For trend-affected datasets, the mean is, therefore, an average of a changing process over the observed period rather than the mean value of a stationary process. The standard deviations were computed after detrending the considered dataset. For the non-Gaussian datasets, from the Central Limit Theorem [61], we can assume that their distribution of means is normally distributed and, consequently, the t-test is still applicable using the sample standard deviation. However, the bootstrap testing was additionally performed to verify the goodness of the estimated differences in the means and relative standard deviations. The bootstrap MAP differences were almost equal to their first estimation.
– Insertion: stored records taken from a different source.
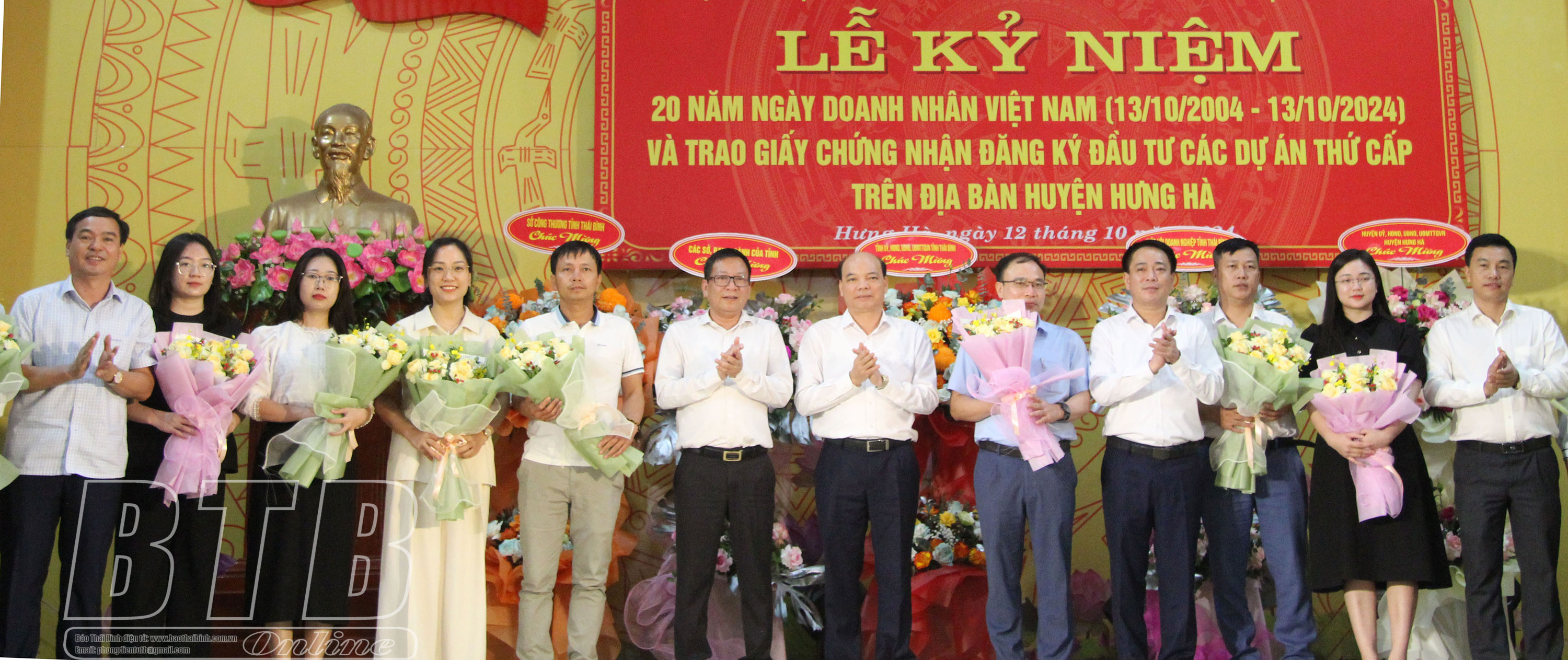 Nhân dịp này, các đồng chí lãnh đạo tỉnh và huyện Hưng Hà đã tặng hoa chúc mừng 13 doanh nghiệp ký cam kết đăng ký đầu tư vào cụm công nghiệp Hưng Nhân.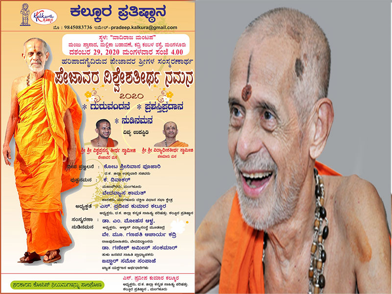 ಮಂಗಳೂರು, ಡಿಸೆಂಬರ್.28: ಹರಿಪಾದಗೈದಿರುವ ಪೇಜಾವರ ವಿಶ್ವೇಶತೀರ್ಥ ಶ್ರೀಪಾದರ ಸಂಸ್ಮರಣಾರ್ಥ ಕಲ್ಕೂರ ಪ್ರತಿಷ್ಠಾನವು ಪೇಜಾವರ ವಿಶ್ವೇಶತೀರ್ಥ ನಮನ-2020ಕಾರ್ಯಕ್ರಮವನ್ನು ಹಮ್ಮಿಕೊಂಡಿದೆ.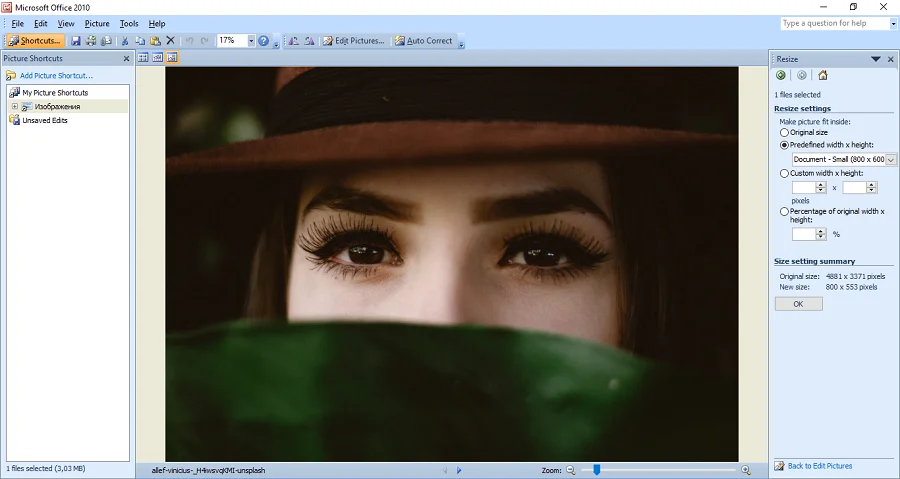 Способ №3.Как изменить размер изображения вДиспетчере рисунков Microsoft Office
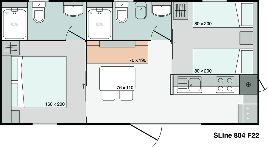 The new SLine mobile homes set new standards among this price range. New exterior and interior and so much more than just accommodation, with brand-new floorplans and new features, which will please even the most discerning guests. Excellent quality / price ratio.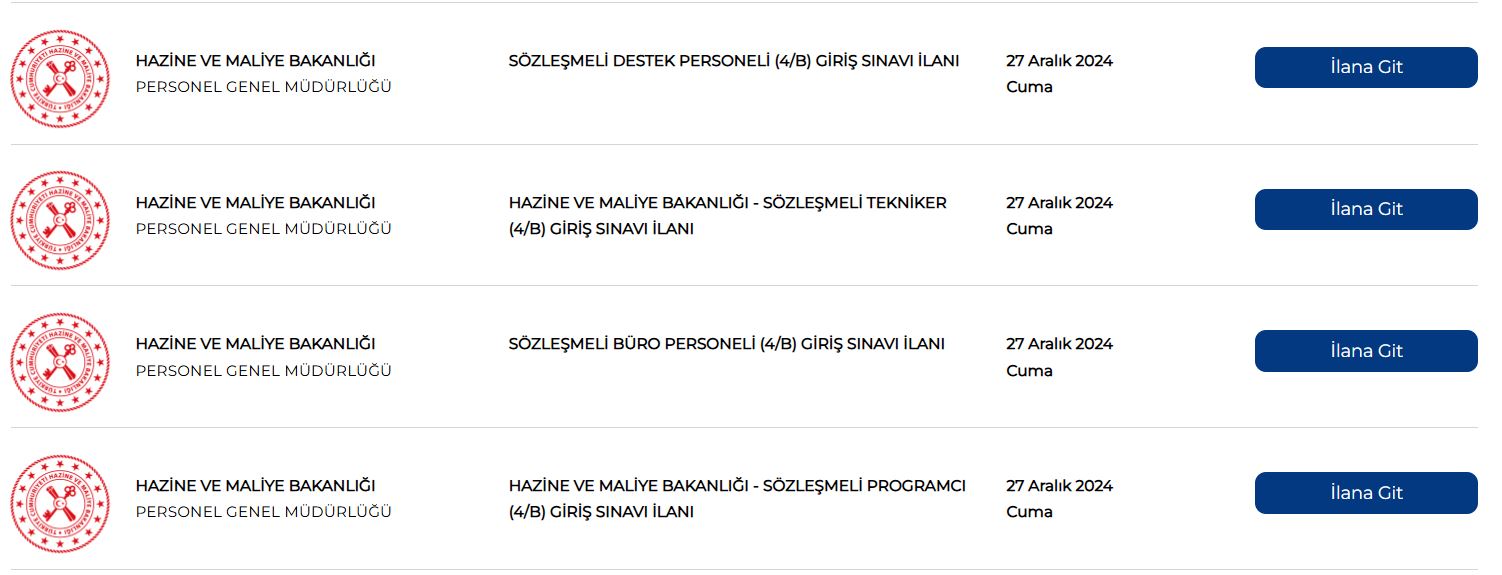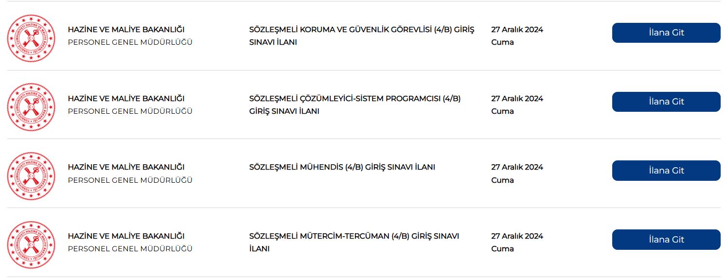 Hazine ve Maliye Bakanlığı Resmi Gazete'de 8 farklı alanda sözleşmeli personel alımları yapacağını duyurdu. 16 Aralık tarihinde başlayan başvurular 27 Aralık 2024 tarihinde sona erecek. Adaylar, başvurularını Bakanlığın resmî web sitesi veya Kariyer Kapısı platformu üzerinden yapabilirler. İşte aranan pozisyonlar ve kontenjan detayları…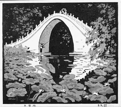 图为古元版画作品《玉带桥》。

Also, standard deviations calculated by Equation [5] and the bootstrap procedure produced differences lower than 10–20%. Given the agreement with the bootstrap differences in MAP, the non-Gaussian datasets were also kept in the following evaluations.
Most rain gauges with significant MAP differences (p-value ≤ 0.05, 36% of the dataset) are located in the northeastern mountainous portion of the area, and the differences are mainly negative (Figure 4). The rain gauges with negative differences are larger in number (87% of all the rain gauges), with the following p-value divisions: p-value ≤ 0.05 is 32% of the total; 0.1 ≤ p-value < 0.05 is 19% of the total; and p-value > 0.1 is 36% of the total. These areas appear to have experienced a higher negative variation in MAP, up to −420 mm, between the 1990–2019 period and the stationary 1921–1970 period.
The map of Figure 4 shows that, in the study area, negative MAP differences are dominant. The positive MAP differences account for 13% of all the rain gauges, with the following p-value divisions: p-value ≤ 0.05 is 4% of the total and p-value > 0.1 is 9% of the total.
The coastal plain and the southeastern plain area show minor MAP positive differences and, in a few cases, negative. Consequently, these latter sub-zones seem less subject to a change in mean annual precipitation in the analyzed periods.
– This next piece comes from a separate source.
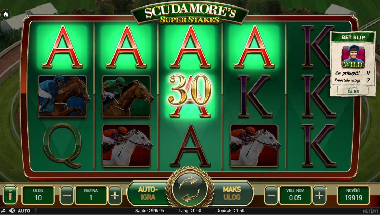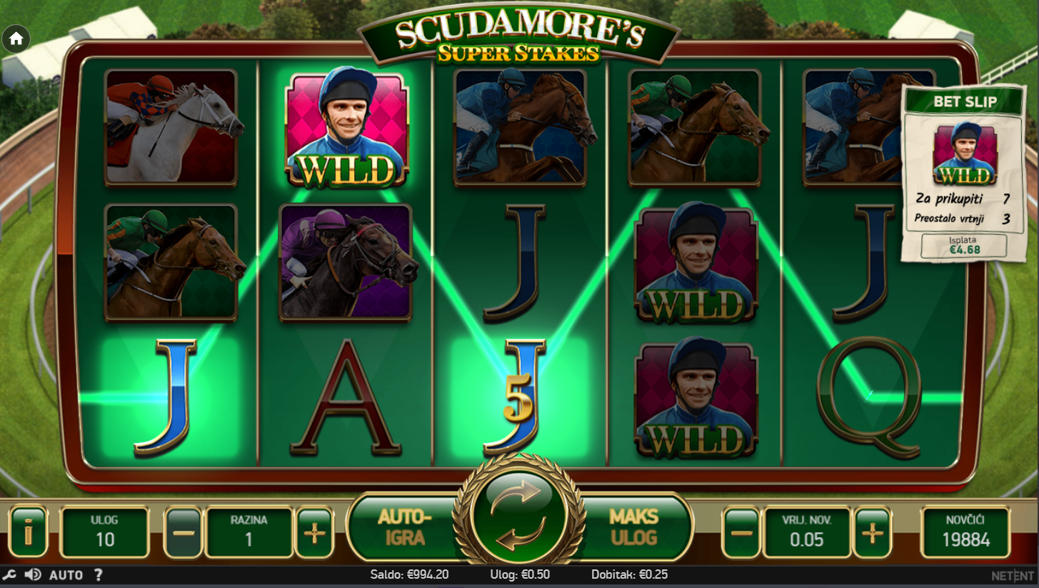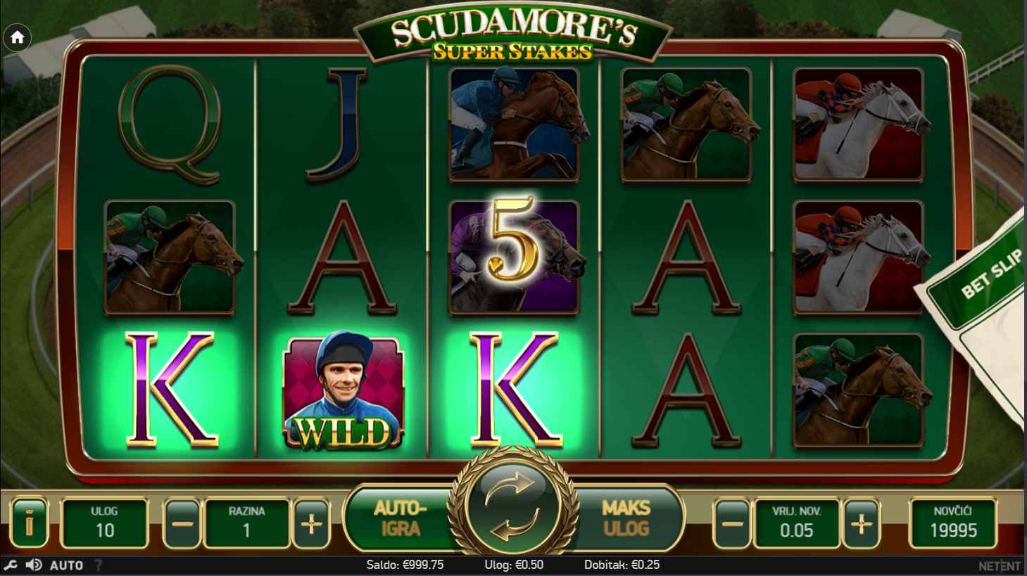 Scudamore’s Super Stakes i NetEnt te vode pravo na hipodrom, gdje konji i džokeji diktiraju ritam kolutova! Slot s 5 kolutova i 20 linija spaja uzbuđenje utrka i bogate bonus značajke. Svaka vrtnja donosi novi val adrenalina i priliku za velike dobitke.

4.3. The Effect of Elevation

The correlation between the difference in MAP and elevation was evaluated for both periods 1921–1970 and 1990–2019. The rain gauges were divided into groups according to the four investigated sub-areas. Each rain gauge falling on the border of two sub-areas was included in both respective groups.
The four areas show a different distribution of differences in MAP when plotted against the altitude of the measuring location (Figure 5). Data from Areas 3 and 4 are scattered and show no significant linear correlation between MAP differences and elevation (Table 1). Data from Areas 1 and 2 appear to present a significant negative linear correlation between the mean annual precipitation difference and elevation, with a higher R2, coefficient p-values <0.05, and good χ2 (Figure 5 and Table 1). The regression coefficients are of similar amplitude between Area 1 and Area 2 (between −0.29 and −0.39 mm/m).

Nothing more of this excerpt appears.